Communities interested in receiving the Success Network’s Leadership Community designation should contact Director Edith Njuguna. To apply, communities must outline a plan of action for working with partners to achieve local education and career outcome goals. The plan serves as the application and must address the following issues:
  1. Define your community’s region (i.e., geographic area the community plan will cover).
  1. Identify (or outline the process to identify) 3-5 ways you will measure success, including a timeline. (The metrics may be selected from the Success Network Dashboard at ILSuccessNetwork.org or other sources.
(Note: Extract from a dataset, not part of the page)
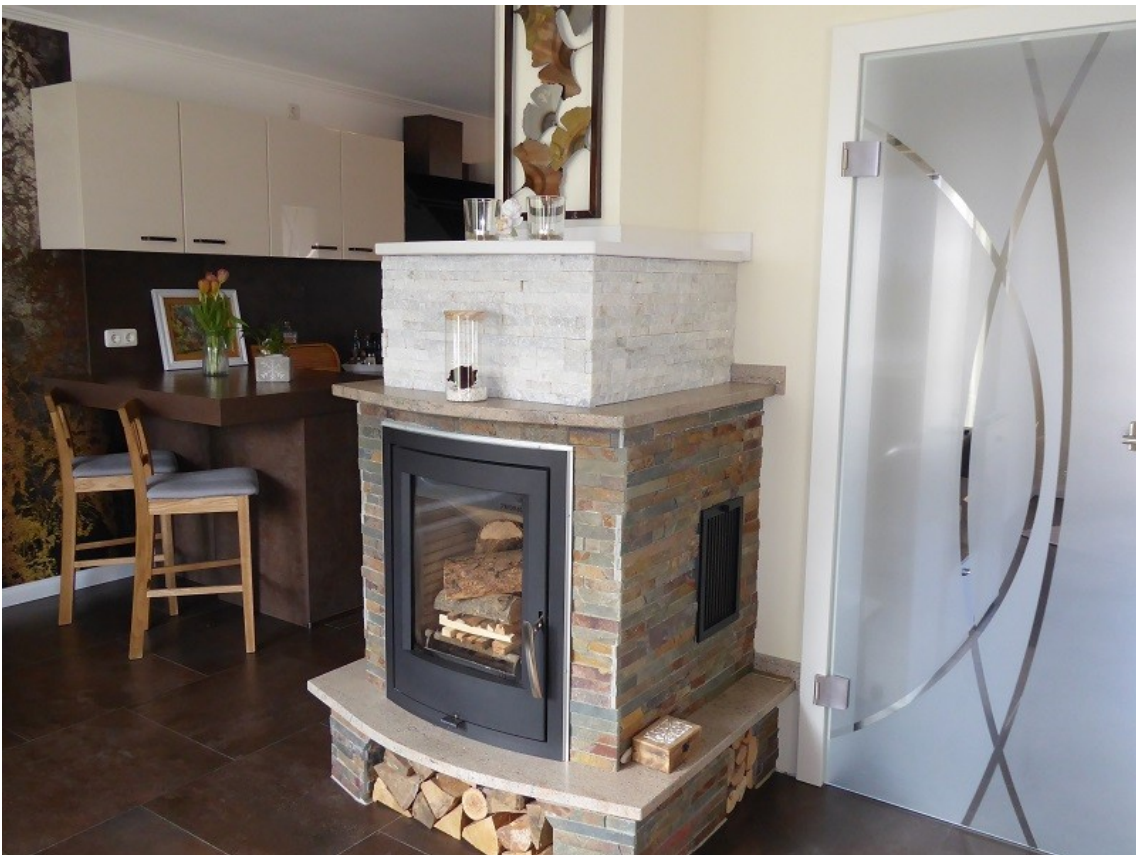
Kaminofen im Wohn- und Essbereich

Metrics other communities have chosen include FAFSA completion, high school graduation, postsecondary remediation rates, etc.)
  1. Identify (or outline the process to identify) key activities that will commence implementation during the next 12- to 24-month period for increasing college and career readiness and postsecondary attainment. Please briefly describe these strategies.
  1. Identify (or describe your plan to identify) 3-4 priority workforce development and career areas based on the College and Career Pathway Endorsement’s sector areas: Agriculture, Food, and Natural Resources; Arts & Communication; Finance & Business Services; Health Sciences & Technology; Human and Public Services (including Education); Information Technology; Manufacturing, Engineering, Technology & Trades.
  1. Describe how the activities identified will be intentionally designed to eliminate disparities in educational access and outcomes for students from historically underserved and underrepresented populations.
  1. Describe the strategies you currently use or will use to engage individuals or groups that will be impacted by the decisions or activities of your collaborative, when deciding which efforts to focus on to achieve equitable postsecondary attainment goals.
  1. Identify a partner who will serve as a trusted intermediary organization to build a common agenda, articulate mutually reinforcing activities, measurements, and communications across sectors involving PreK-12 education, postsecondary education, employers, and civic community. Examples of intermediary organizations include community-based organizations, Regional Offices of Education, Education for Employment system offices, chambers of commerce, local Economic Development Councils, and existing collective impact leads.
  1. Formally document your partnership with a Memoranda of Understanding (MOU) on all the above goals and activities involving all the following stakeholders, and attach copies to the plan:
    • Employers
    • Secondary education partners
    • Postsecondary education partners, specifically including the area community college
    • Municipal leaders
    • Representatives from community-based organizations
    • Elementary and/or early childhood education partners (optional but highly encouraged)
  1. Describe your plan to engage additional community partners as the work evolves over time.

Developing Your Plan for Submission

Step 1

Contact Director Edith Njuguna to discuss your interest. The network’s organizers can support communities as needed to develop a plan, including helping to coordinate partners, reviewing data, and identifying goals.

Step 2

Download the Word template or copy/paste the 9 points above into a working document.

Step 3

Connect with regional partners to collaborate on your draft. When finished, submit via email.